Code Orange: Panic in the Age of Mechanical Reproduction -- Jeremy Biles
Over a year has passed since the disaster of September 11, 2001
By Jeremy BilesDecember 12, 2002
Over a year has passed since the disaster of September 11, 2001. During this time, America has been in a state of "heightened alert." Code Orange, even when not officially declared by the government, has become the order of the day. The panic that ensued in the wake of the attacks has thus endured; indeed, it has become "the key psychological mood" of our time (as Arthur Kroker puts it). No longer an exceptional state, panic is a defining feature of American life -- what we might call the panic quo.
In Greek mythology, the god Pan, from whom the term "panic" is derived, is usually a benevolent god of fertility. But if angered, he disrupts sleep, disperses nightmares, and induces a fearful frenzy and blind terror among those who have roused his fury.
It is particularly dangerous to disturb this god at noontime, when he himself is sleeping. That Pan closes his eyes at noon, when the sun is at its apex, is illuminating, for it is against the deep blue of noon that the sun's orange blaze is most likely to blind those who look upon it. To rouse this god at noon is to court the blindness that he induces; in other words, it is equivalent to staring at the sun, risking the waking nightmare of a frenzy at once blazing and obscuring.
Pan, like his cousin Dionysus, is an ambivalent god -- he is a lover of sleep who disturbs sleep, a placid flute-player whose sudden rage awakens madness in his victims. It is not incidental, then, that I compare Pan with the sun. The writer Georges Bataille elucidates the ambivalence of the sun: "The sun, from the human point of view (in other words, as it is confused with the notion of noon) is the most elevated conception. It is also the most abstract object, since it is impossible to look at it fixedly at that time of day." He goes on to claim that "in the same way that the [unscrutinized] sun is perfectly beautiful, the one that is scrutinized can be considered horribly ugly."
This is the sun's disastrous nature -- it is the astral body that gives us the light by which we conduct our waking lives, and also the disastrous body that threatens an explosive lucency that overwhelms sight. Panic also partakes of a dual nature. I would define panic as excessive wakefulness bereft of lucidity. Today, we are the recipients of repeated governmental exhortations to be alert, yet there is no specific object for our alertness. We are told to remain attentive, to be on the lookout -- for one knows not what. Attention, which has been called "the natural prayer of the soul," becomes panic when shriven of the intelligence that would grant it an object.
Substituting "panic" for "work of art" in Walter Benjamin's famous essay, "The Work of Art in the Age of Mechanical Reproduction," I suggest that, "To an ever greater degree panic reproduced becomes panic designed for reproduction." To be sure, technologies of reproduction coupled with the tendency of the media to capitalize on disaster for sensationalist ends are, at least in part, to blame for the protracted panic in which we find ourselves.
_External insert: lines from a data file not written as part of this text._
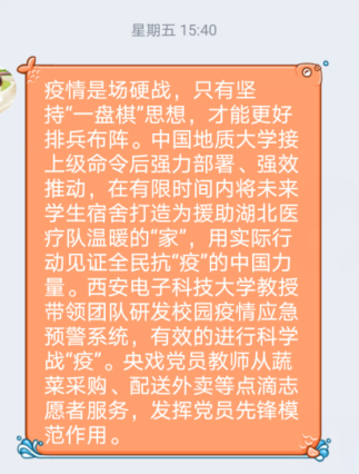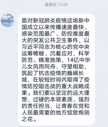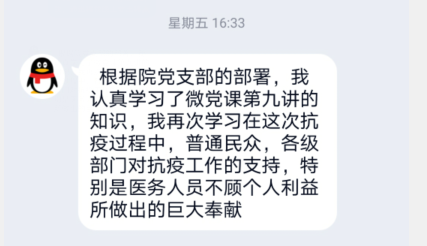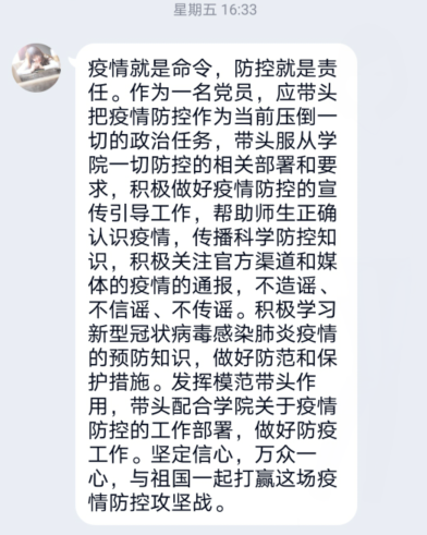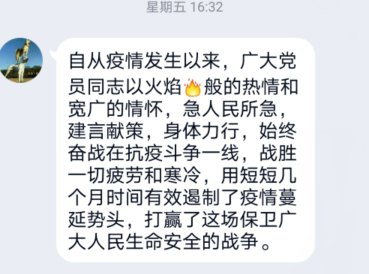 通過(guò)觀看微黨課,大家表示,在當(dāng)前常態(tài)化疫情防控下,學(xué)院廣大師生黨員要始終繃緊弦、守好責(zé)、勇?lián)?dāng),讓黨旗始終飄揚(yáng)在疫情防控和立德樹人事業(yè)發(fā)展全過(guò)程。黨員同志們也更加感受到在這場(chǎng)沒(méi)有硝煙的戰(zhàn)役中,黨中央運(yùn)籌帷幄、沉著應(yīng)對(duì),高校黨員沖鋒在第一線、戰(zhàn)斗在最前沿,匯聚起共同抗疫的磅礴偉力,集中體現(xiàn)了中國(guó)力量、中國(guó)精神、中國(guó)效率。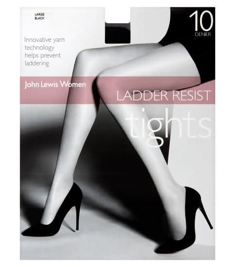 John Lewis L, Black, Women 10 Denier Ladder Resist Tights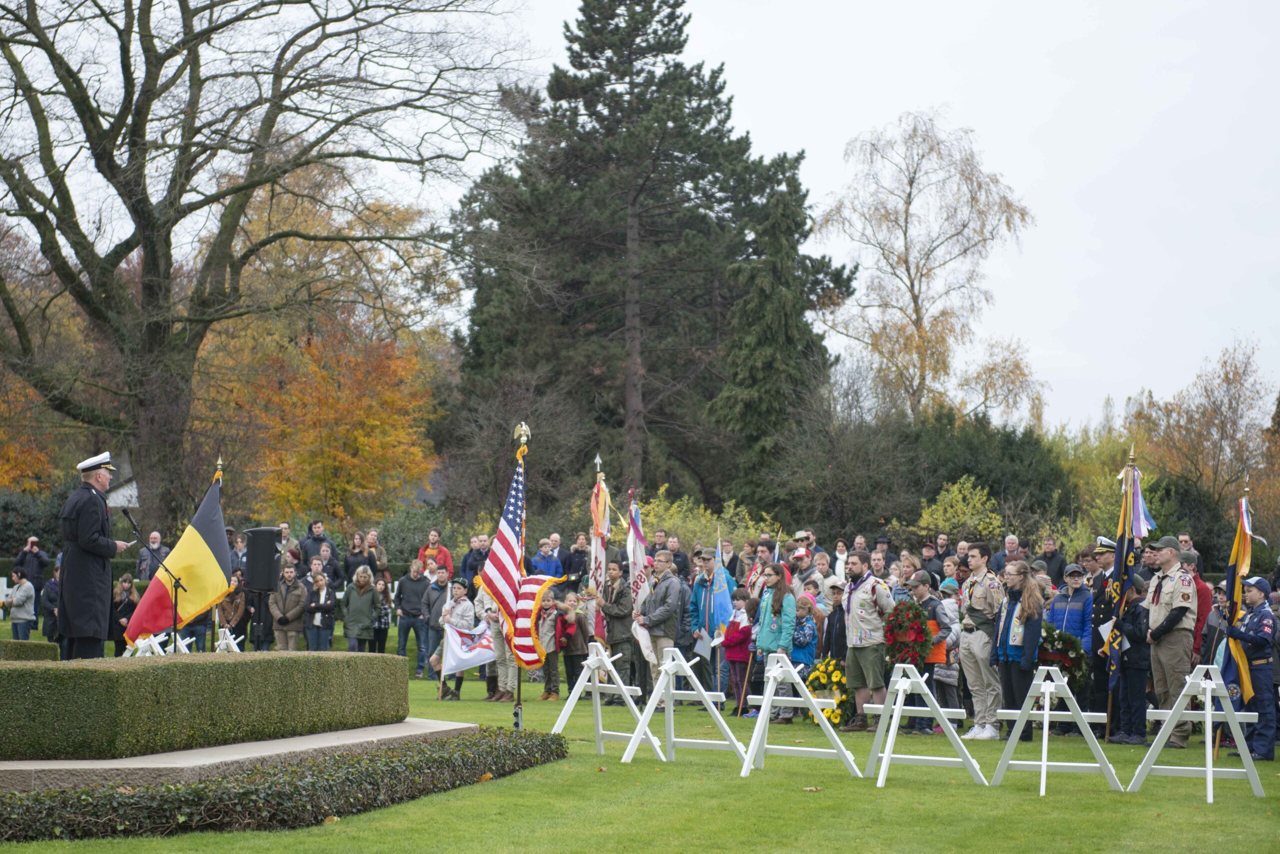 Adm. James G. Foggo III, commander, U.S. Naval Forces Europe-Africa and Allied Joint Force Command Naples, Italy, delivers remarks during the centennial anniversary commemoration of Armistice Day at Flanders Field American Cemetery in Waregem, Belgium, Nov. 11, 2018. (U.S. Navy photo by Mass Communication Specialist 1st Class Ryan Riley/Released)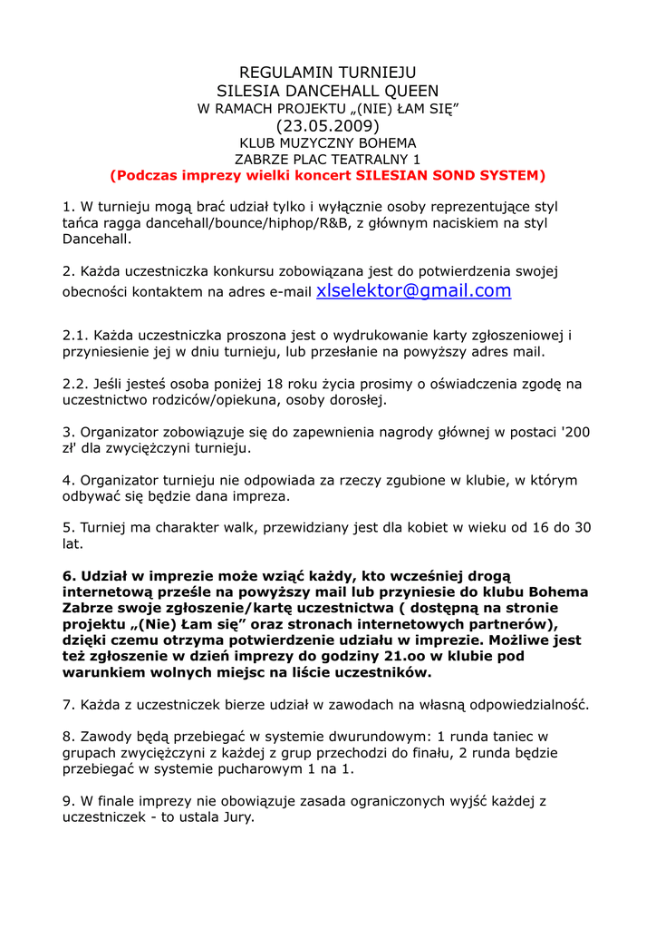 REGULAMIN TURNIEJU SILESIA DANCEHALL QUEEN (23.05.2009)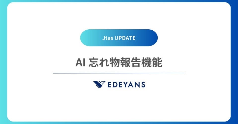 株式会社Edeyans(東京本社:東京都中央区、大阪本社:大阪市中央区、代表取締役:片山 裕之、以下「Edeyans」)は、客室清掃DXプラットフォーム 「Jtas-ジェイタス-」(以下、「Jtas」)において、写真を撮影するだけで忘れ物に関する情報を自動入力できる「AI忘れ物報告機能」の提供を開始いたしました。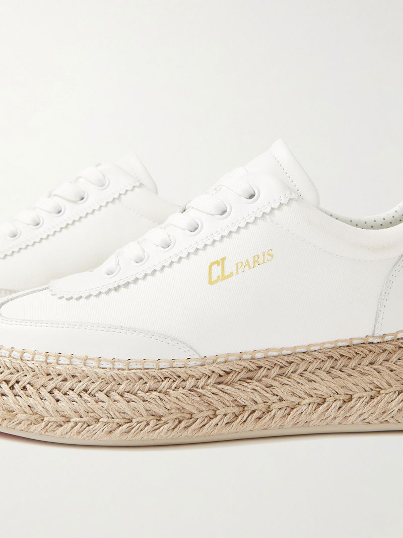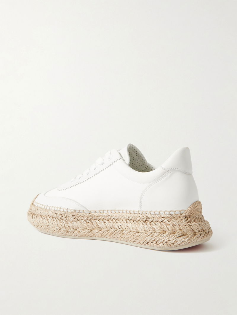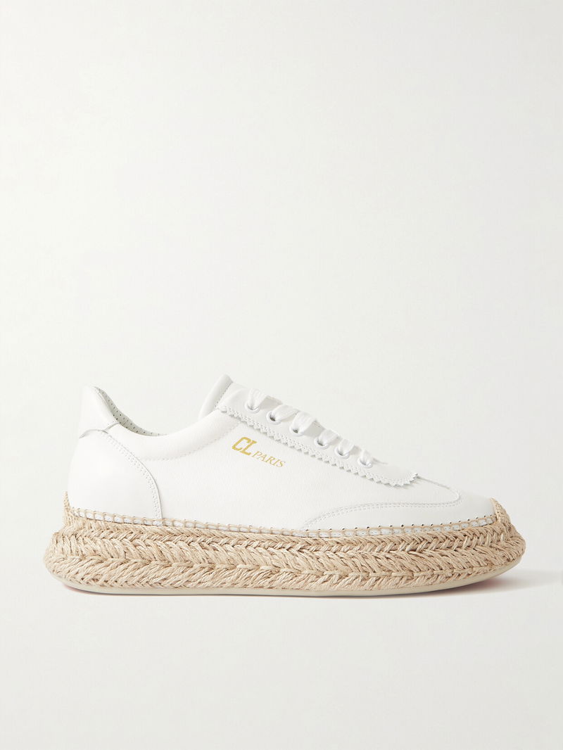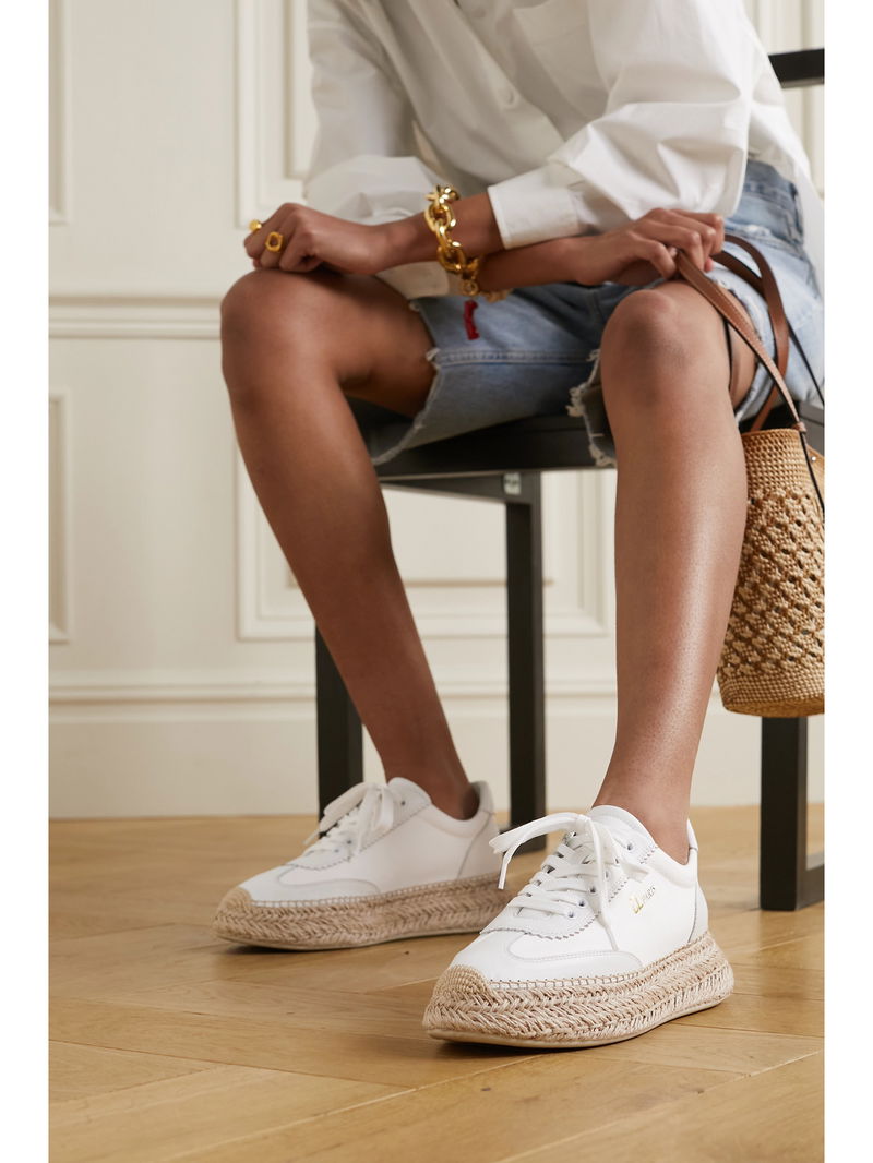 Christian Louboutin's shoes combine sneakers with traditional espadrilles, making them perfect for warm days. Made from optic white leather, they're detailed with a gilded 'CL Paris' motif and set on braided jute platform soles, with a layer of rubber for traction in the maison's signature red hue.

The onslaught of images of disaster, which are reproduced ad infinitum, do not elucidate but rather blind by their excessiveness. This reproduction gives rise to a panicked sensation of "incessant imminence" (Blanchot) -- the ominous, distressing, blind sense that something disastrous is on the horizon. And all this, at times, seems to be the strategy of the various media outlets, that is, to make an art of inducing panic.
Today, panic is indeed designed for reproduction, and the frenzy of images that, along with the lack of illuminating intelligence, induces and reproduces this panic makes it impossible to sight the very events for which we are to be on alert.
What vigilance must be today: the constant conversion of our wakeful panic into prayers uttered with eyes wide shut, as we prepare for an event that can only ever reach us as a shock.
Jeremy Biles is a Ph.D. candidate in Religion and Literature at the Divinity School and a current Marty Center Dissertation Fellow.